START Input material

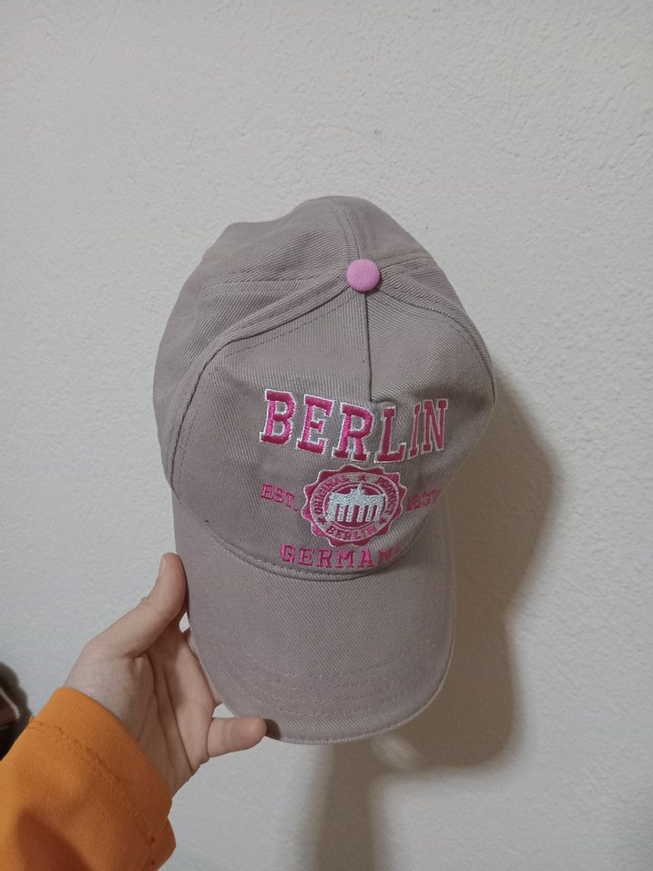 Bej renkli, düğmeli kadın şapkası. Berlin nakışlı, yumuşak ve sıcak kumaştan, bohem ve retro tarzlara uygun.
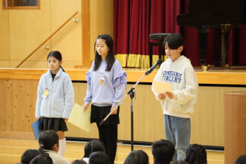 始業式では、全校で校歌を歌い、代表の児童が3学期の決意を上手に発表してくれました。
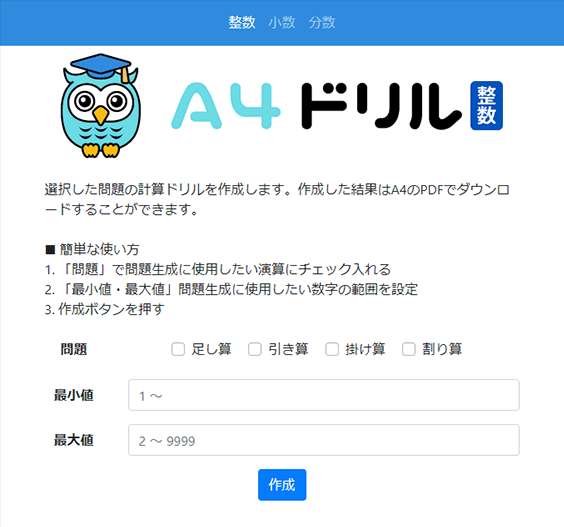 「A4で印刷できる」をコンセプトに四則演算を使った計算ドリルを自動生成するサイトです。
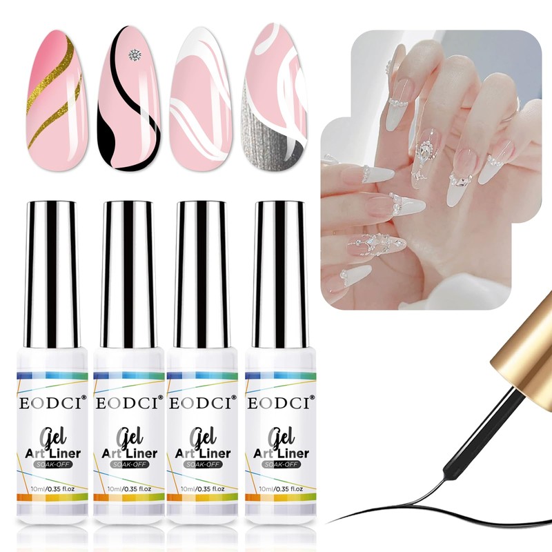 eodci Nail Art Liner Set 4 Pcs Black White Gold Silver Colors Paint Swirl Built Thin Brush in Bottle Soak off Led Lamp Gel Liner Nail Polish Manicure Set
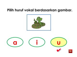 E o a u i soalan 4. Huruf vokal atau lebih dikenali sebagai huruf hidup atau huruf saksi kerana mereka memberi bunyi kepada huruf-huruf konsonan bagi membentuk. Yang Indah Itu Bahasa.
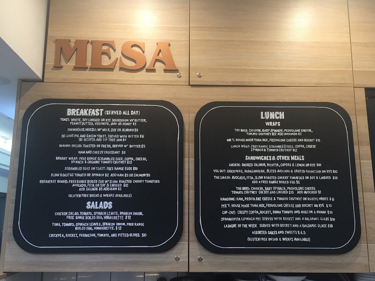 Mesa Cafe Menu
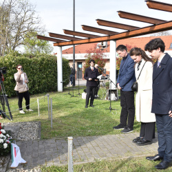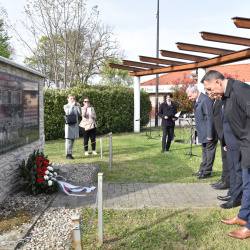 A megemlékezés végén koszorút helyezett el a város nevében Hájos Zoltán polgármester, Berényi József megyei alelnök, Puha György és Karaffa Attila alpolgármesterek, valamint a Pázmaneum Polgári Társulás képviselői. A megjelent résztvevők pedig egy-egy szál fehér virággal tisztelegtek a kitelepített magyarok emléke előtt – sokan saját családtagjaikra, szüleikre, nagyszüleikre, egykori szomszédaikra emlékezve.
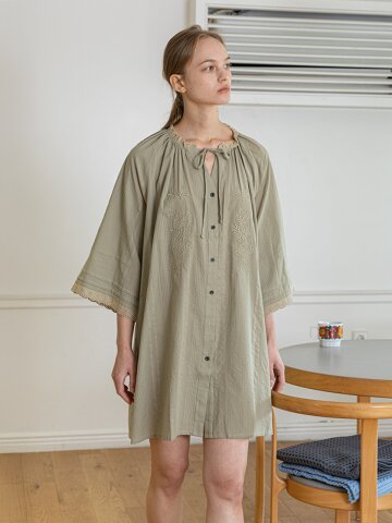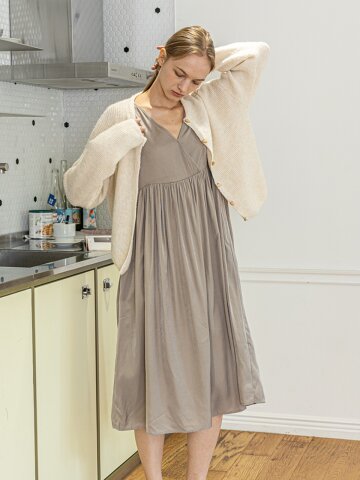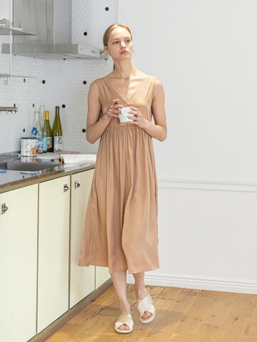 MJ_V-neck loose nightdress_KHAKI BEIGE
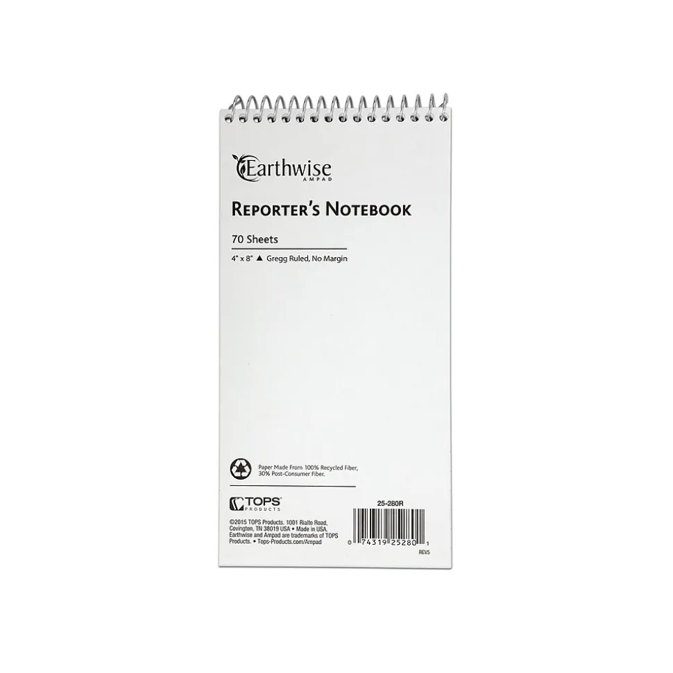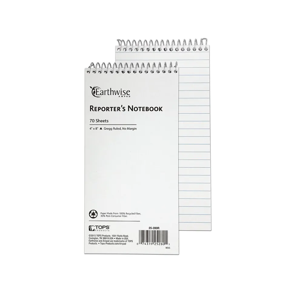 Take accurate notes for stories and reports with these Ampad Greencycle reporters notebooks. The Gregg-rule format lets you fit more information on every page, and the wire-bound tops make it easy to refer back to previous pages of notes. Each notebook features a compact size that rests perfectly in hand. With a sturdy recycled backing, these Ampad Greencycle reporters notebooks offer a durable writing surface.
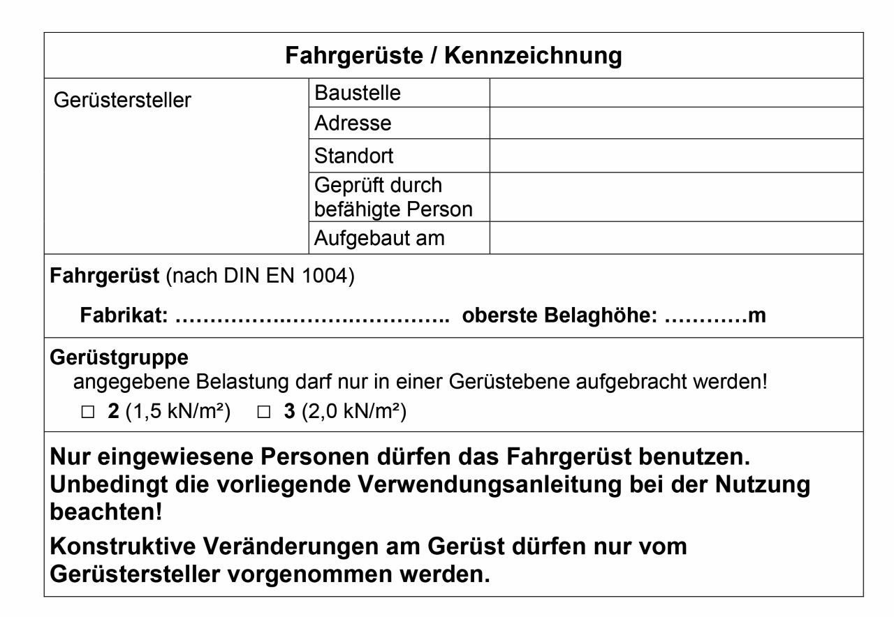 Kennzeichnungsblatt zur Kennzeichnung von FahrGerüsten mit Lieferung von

END Input material

**Exercise**
Reproduce exactly and only the lines from the one with "MJ_V-neck loose nightdress_KHAKI BEIGE" through the last entry, both included, excluding every picture.

**Solution to the problem**
 MJ_V-neck loose nightdress_KHAKI BEIGE
 Take accurate notes for stories and reports with these Ampad Greencycle reporters notebooks. The Gregg-rule format lets you fit more information on every page, and the wire-bound tops make it easy to refer back to previous pages of notes. Each notebook features a compact size that rests perfectly in hand. With a sturdy recycled backing, these Ampad Greencycle reporters notebooks offer a durable writing surface.
 Kennzeichnungsblatt zur Kennzeichnung von FahrGerüsten mit Lieferung von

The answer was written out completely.